For tuning Gemma for a particular language task, we can start with as less as 20 records in our desired language. Model so built, can be used for specific use cases such as marketing mail gen, chatbots, auto-mail replies and other NLP tasks such as classification, summarization and so on.

In addition to the language datasets, we could also look at certain domain specific datasets as well to build a domain specific bot in a particular language.

For now, we will consider Hindi & Kannada language datasets available at Huggingface.

We will use Google Colab, to build this solution, you can use Google Colab on your browser or through Google Cloud vertex Ai console as well.
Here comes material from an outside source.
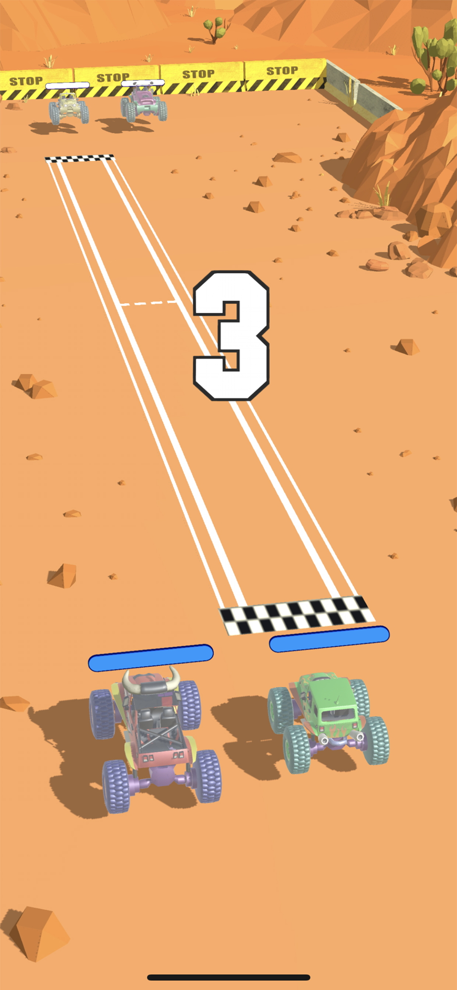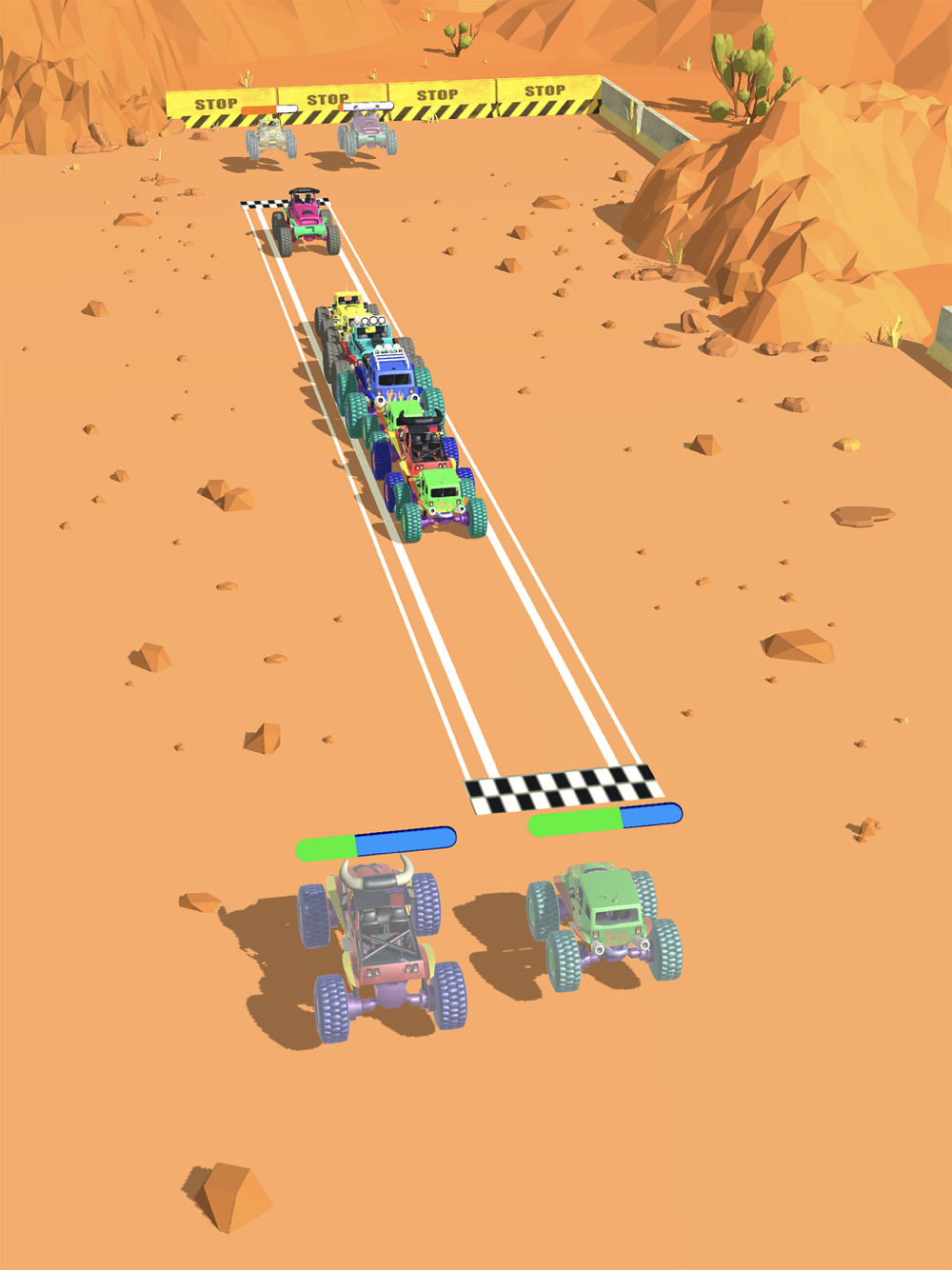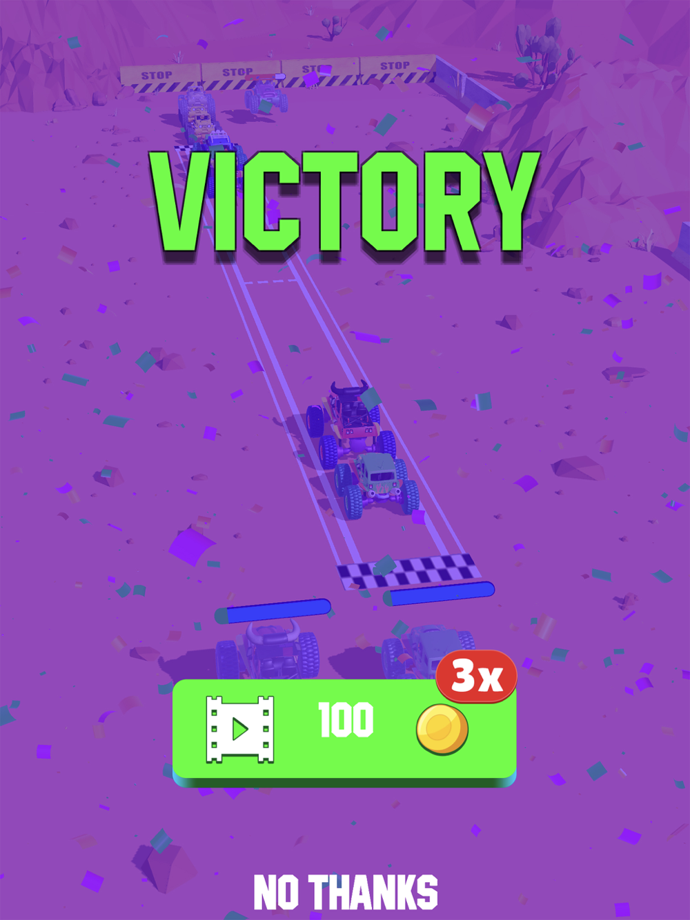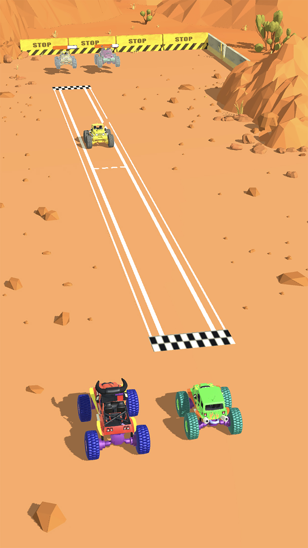 Merge two monster trucks that are the same size to create bigger ones, the bigger the better.

You can setup Gemma in Kaggle, get the Hugginfacetoken and then install the keras library as discussed in the previous blog post.

We will start from the loading the datasets, we will need to load Kannada and Hindi datasets from Huggingface,

!huggingface-cli login # login to huggingface using access token
from datasets import load_dataset

# Login using e.g. `huggingface-cli login` to access this dataset
kannadads = load_dataset("Cognitive-Lab/Kannada-Instruct-dataset",split="train")
print(kannadads)

from datasets import load_dataset

hindids = load_dataset("ravithejads/samvaad-hi-filtered")
print(hindids)

2. We will now go head and initialize the model and tuning , we will take 200 records of Hindi and Kannada to tune Gemma.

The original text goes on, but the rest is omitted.